• Records supplied:
Segment Open
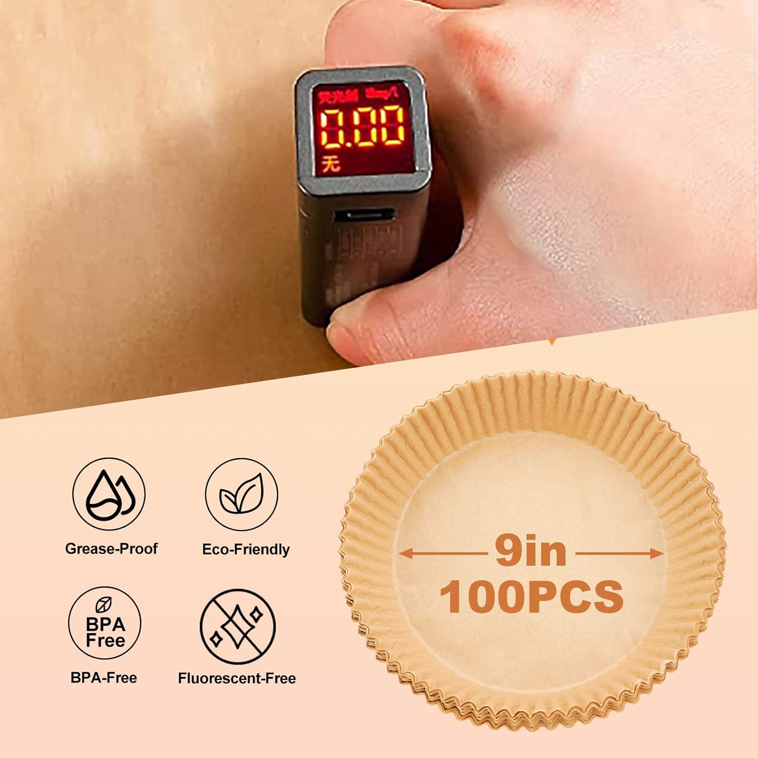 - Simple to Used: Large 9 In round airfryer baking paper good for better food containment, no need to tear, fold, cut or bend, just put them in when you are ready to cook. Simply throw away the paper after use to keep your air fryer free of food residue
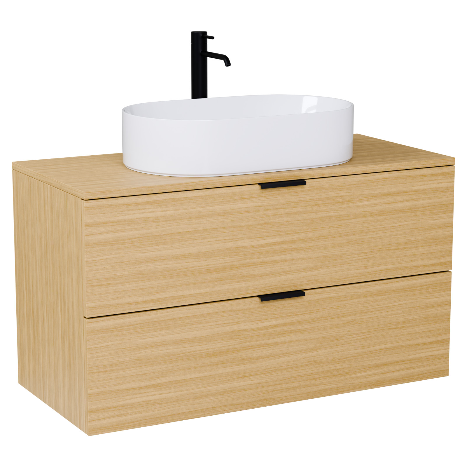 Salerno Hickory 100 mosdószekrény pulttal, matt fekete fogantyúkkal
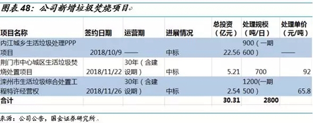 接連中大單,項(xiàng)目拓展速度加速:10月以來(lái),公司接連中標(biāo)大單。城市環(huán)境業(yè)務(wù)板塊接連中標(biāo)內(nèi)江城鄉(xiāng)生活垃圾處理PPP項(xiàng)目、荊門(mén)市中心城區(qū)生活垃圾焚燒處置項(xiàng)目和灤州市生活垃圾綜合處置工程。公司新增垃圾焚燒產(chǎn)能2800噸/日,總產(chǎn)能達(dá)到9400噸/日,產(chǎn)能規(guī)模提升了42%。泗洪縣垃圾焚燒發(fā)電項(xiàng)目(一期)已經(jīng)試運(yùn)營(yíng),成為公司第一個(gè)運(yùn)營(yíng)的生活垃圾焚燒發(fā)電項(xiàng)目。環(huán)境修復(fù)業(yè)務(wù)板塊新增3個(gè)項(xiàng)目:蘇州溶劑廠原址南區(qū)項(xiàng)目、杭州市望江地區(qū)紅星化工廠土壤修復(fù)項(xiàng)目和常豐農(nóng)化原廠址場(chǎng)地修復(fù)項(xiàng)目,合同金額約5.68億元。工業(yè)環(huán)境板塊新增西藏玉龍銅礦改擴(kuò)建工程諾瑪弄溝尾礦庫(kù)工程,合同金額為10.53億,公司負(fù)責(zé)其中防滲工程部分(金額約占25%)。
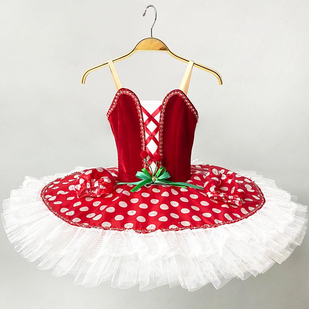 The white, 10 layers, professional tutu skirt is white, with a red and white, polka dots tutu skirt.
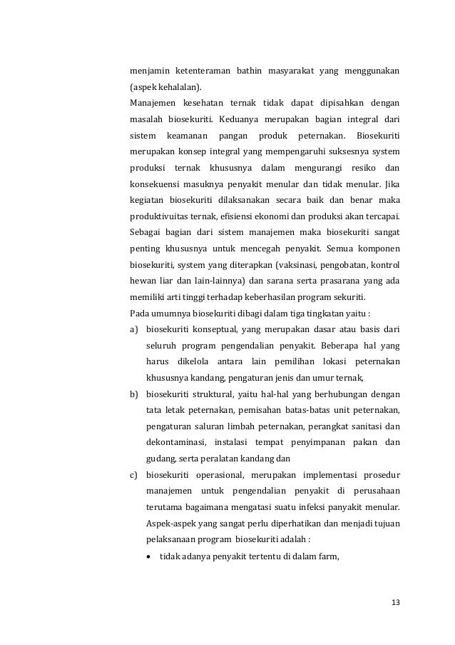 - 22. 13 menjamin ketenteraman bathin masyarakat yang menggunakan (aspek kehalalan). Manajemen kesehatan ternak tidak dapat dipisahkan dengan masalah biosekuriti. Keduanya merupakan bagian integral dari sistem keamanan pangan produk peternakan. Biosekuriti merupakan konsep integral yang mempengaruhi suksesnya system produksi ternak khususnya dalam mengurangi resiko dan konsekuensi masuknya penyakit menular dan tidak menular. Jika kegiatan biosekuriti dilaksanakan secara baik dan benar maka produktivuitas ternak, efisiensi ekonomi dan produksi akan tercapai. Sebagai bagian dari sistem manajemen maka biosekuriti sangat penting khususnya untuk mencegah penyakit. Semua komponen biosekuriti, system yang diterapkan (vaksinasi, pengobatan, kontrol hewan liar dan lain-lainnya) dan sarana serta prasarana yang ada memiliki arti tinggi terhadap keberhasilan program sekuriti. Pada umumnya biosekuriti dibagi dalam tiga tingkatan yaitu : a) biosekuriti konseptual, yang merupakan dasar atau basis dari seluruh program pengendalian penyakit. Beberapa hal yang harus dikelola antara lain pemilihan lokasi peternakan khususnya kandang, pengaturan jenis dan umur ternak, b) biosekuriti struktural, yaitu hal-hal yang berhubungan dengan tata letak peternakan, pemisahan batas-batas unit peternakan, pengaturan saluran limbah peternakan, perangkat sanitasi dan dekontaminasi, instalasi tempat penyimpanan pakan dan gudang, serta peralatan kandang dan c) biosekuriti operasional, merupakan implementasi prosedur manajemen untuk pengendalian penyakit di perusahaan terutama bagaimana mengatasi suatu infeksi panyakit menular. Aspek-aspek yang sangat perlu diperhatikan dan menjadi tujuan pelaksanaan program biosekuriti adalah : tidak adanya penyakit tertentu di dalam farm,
Segment Closed
Segment Open
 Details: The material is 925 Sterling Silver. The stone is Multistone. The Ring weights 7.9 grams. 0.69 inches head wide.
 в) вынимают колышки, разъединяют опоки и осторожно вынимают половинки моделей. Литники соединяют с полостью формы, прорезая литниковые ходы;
Segment Closed
In the listing above, find the line with "- Simple to" and the line with "The white, 10". Transcribe those two and everything between, exactly, leaving out pictures.

• Written solution:
 - Simple to Used: Large 9 In round airfryer baking paper good for better food containment, no need to tear, fold, cut or bend, just put them in when you are ready to cook. Simply throw away the paper after use to keep your air fryer free of food residue
 Salerno Hickory 100 mosdószekrény pulttal, matt fekete fogantyúkkal
 接連中大單,項(xiàng)目拓展速度加速:10月以來(lái),公司接連中標(biāo)大單。城市環(huán)境業(yè)務(wù)板塊接連中標(biāo)內(nèi)江城鄉(xiāng)生活垃圾處理PPP項(xiàng)目、荊門(mén)市中心城區(qū)生活垃圾焚燒處置項(xiàng)目和灤州市生活垃圾綜合處置工程。公司新增垃圾焚燒產(chǎn)能2800噸/日,總產(chǎn)能達(dá)到9400噸/日,產(chǎn)能規(guī)模提升了42%。泗洪縣垃圾焚燒發(fā)電項(xiàng)目(一期)已經(jīng)試運(yùn)營(yíng),成為公司第一個(gè)運(yùn)營(yíng)的生活垃圾焚燒發(fā)電項(xiàng)目。環(huán)境修復(fù)業(yè)務(wù)板塊新增3個(gè)項(xiàng)目:蘇州溶劑廠原址南區(qū)項(xiàng)目、杭州市望江地區(qū)紅星化工廠土壤修復(fù)項(xiàng)目和常豐農(nóng)化原廠址場(chǎng)地修復(fù)項(xiàng)目,合同金額約5.68億元。工業(yè)環(huán)境板塊新增西藏玉龍銅礦改擴(kuò)建工程諾瑪弄溝尾礦庫(kù)工程,合同金額為10.53億,公司負(fù)責(zé)其中防滲工程部分(金額約占25%)。
 The white, 10 layers, professional tutu skirt is white, with a red and white, polka dots tutu skirt.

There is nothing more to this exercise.